Selling and Administrative Expense Selling and administrative expense was 25.5% of revenues for the second quarter and 25.8% for the six-month period, compared with 26.8% and 26.7%, respectively, for the prior years periods. Aggregate expenses for the current period reflect increases in base spending of $10 million, in line with inflation, in expenses related to the BGM initiative of $7 million and in share-based compensation expense of $5 million. These increases in selling and administrative expense were partially offset by proceeds from an insurance settlement of $10 million received in connection with the Companys previously owned latex glove business and a favorable foreign exchange impact of $9 million. Aggregate expenses in the six-month period reflect increases in share-based compensation expense of $21 million, in base spending of $16 million, in line with inflation, and in expenses related to the BGM initiative of $15 million. These increases were partially offset by proceeds from insurance settlements of $17 million, as further discussed above, and a favorable foreign exchange impact of $14 million. Selling and administrative expense as a percentage of revenues is expected to decrease, on a reported basis, by about 40 basis points in fiscal 2006.
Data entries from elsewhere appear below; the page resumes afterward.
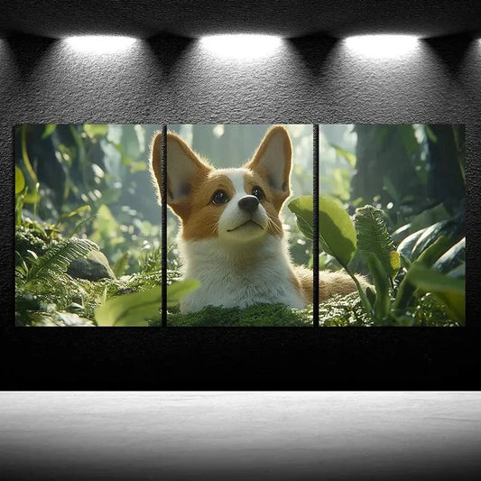 3pcs Green Leaves Dog in The Forest Metal Print Ready to Hang Art
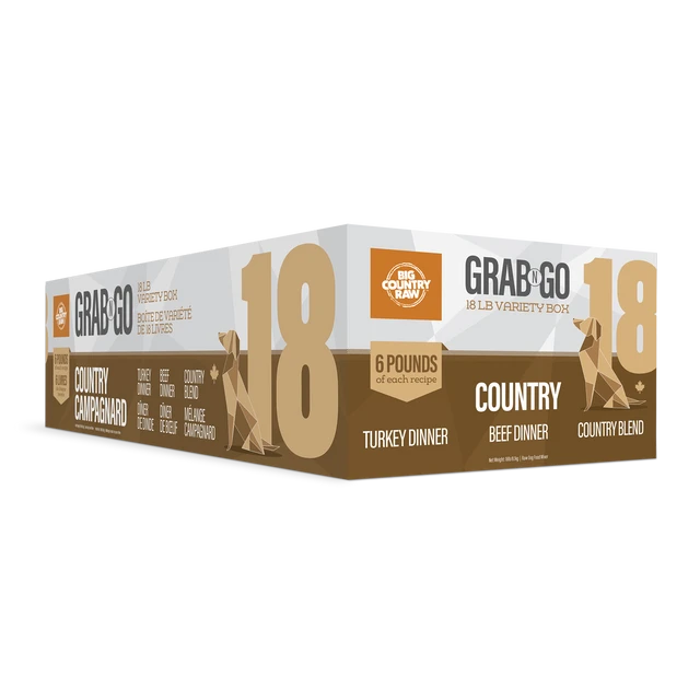 A turkey and beef box for dogs that have chicken sensitivities. Contains 6lbs each: Country Blend, Beef Dinner and Turkey Dinner
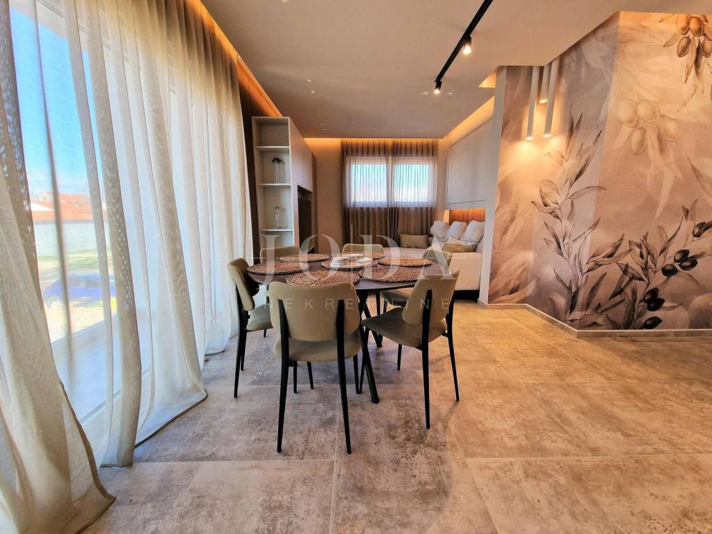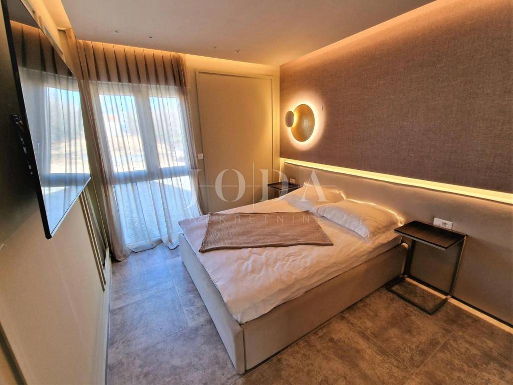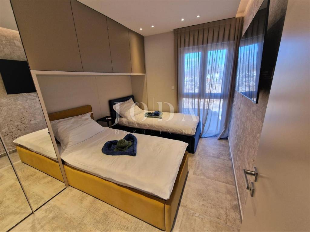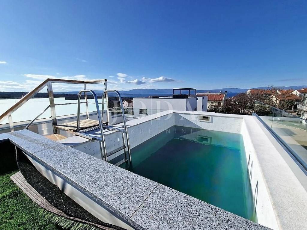 Prodaje se novi, moderno opremljen dvoetažni apartman s bazenom i pogledom na more u Njivicama na otoku Krku!  Apartman je smješten u stambenoj zgradi na odličnoj lokaciji, cca 500 metara od plaže. Ukupna stambena površina apartmana je 112 m2. Raspoređena je na prizemlje, gdje se nalazi spavaća soba, kupaonica i vešeraj te kat gdje je dnevni boravak s kuhinjom i blagovaonicom, balkon, dvije spavaće sobe i još jedna kupaonica. Apartman je kompletno namješten i opremljen - klimatizacija prostorija, podno grijanje, moderne sanitarije i kvalitetne podne obloge. Prodaje se sa svom opremom i namještajem te je spreman za useljenje. S kata se dolazi na  krovnu terasu s prekrasnim pogledom na more, bazenom i sunčalištem. Apartmanu pripadaju i dva parkirna mjesta. Za više informacija, kontaktirajte nas!  ID KOD AGENCIJE: EI-4595  Josip Šikić, mag.oec Agent s licencom Mob: +385 91 890 4694 Tel: +385 51 403 771 E-mail: info@joda-nekretnine.hr www.joda-nekretnine.hr

Research and Development Expense Research and development expense was $129 million, or 8.9% of revenues for the second quarter, compared with the prior years amount of $66 million, or 4.8% of revenues. Research and development expense was $198 million, or 6.9% of revenues for the six-month period in the current year, compared with the prior years amount of $128 million, or 4.8% of revenues. The in-process research and development charge of $53 million associated with the GeneOhm acquisition was recorded to research and development expense in the three and six-month periods of 2006, respectively. Research and development expenditures also reflect increased spending for new programs in each of our segments for the three and six-month periods of 2006. We anticipate research and development expense to increase, on a reported basis, about 33% for fiscal 2006, including the in-process research and development charge.
Non-Operating Expense and Income Interest expense increased to $20 million in the second quarter and $37 million in the six-month period compared with $13 million and $27 million, respectively, for the prior years periods. These increases reflect higher debt levels and the impact of higher interest rates on floating rate debt and on interest rate swap transactions, consisting of fair value hedges of certain fixed-rate debt instruments, under which the difference between fixed and floating interest rates is exchanged at specified intervals. Interest income increased to $17 million in the second quarter and $32 million in the six-month period from $8 million and $14 million, respectively, in the prior years periods. These increases reflect higher interest rates and cash balances.
18
Income Taxes The income tax rate was 33.9% for the second quarter. The six-month tax rate was 30.0% compared with the prior years rate of 21.8%. The increase is principally due to the lack of a tax benefit related to the acquired in-process research and development charge associated with the GeneOhm acquisition. The six-month rate reflected a provision of approximately 0.3% relating to proceeds received from insurance settlements, as further discussed above. The prior years rate reflected an estimated 2.3% benefit due to the reversal of tax reserves in the first quarter in connection with the conclusion of tax examinations in four non-U.S. jurisdictions. The Company expects the reported tax rate for the full year to be approximately 27%.
Income from Continuing Operations and Diluted Earnings Per Share from Continuing Operations Income from continuing operations and diluted earnings per share from continuing operations for the second quarter of 2006 were $156 million and 60 cents, respectively. This compared with income from continuing operations and diluted earnings per share from continuing operations for the prior years second quarter of $187 million and 71 cents, respectively. The in-process research and development charge associated with the GeneOhm acquisition reduced income from continuing operations for the current quarter by $53 million and diluted earnings per share from continuing operations by 21 cents. Proceeds from an insurance settlement increased income from continuing operations for the current quarter by $10 million and diluted earnings per share from continuing operations by 2 cents. For the six-month periods, income from continuing operations and diluted earnings per share from continuing operations were $374 million and $1.45, respectively, in 2006, which reflected the in-process research and development charge, and $381 million and $1.45, respectively, in 2005. Proceeds from insurance settlements increased income from continuing operations in the six-month period by $17 million and diluted earnings per share from continuing operations by 4 cents. The prior years six-month period included the effect of the reversal of tax reserves, as further discussed above, which increased income from continuing operations by $11 million and diluted earnings per share from continuing operations by 4 cents.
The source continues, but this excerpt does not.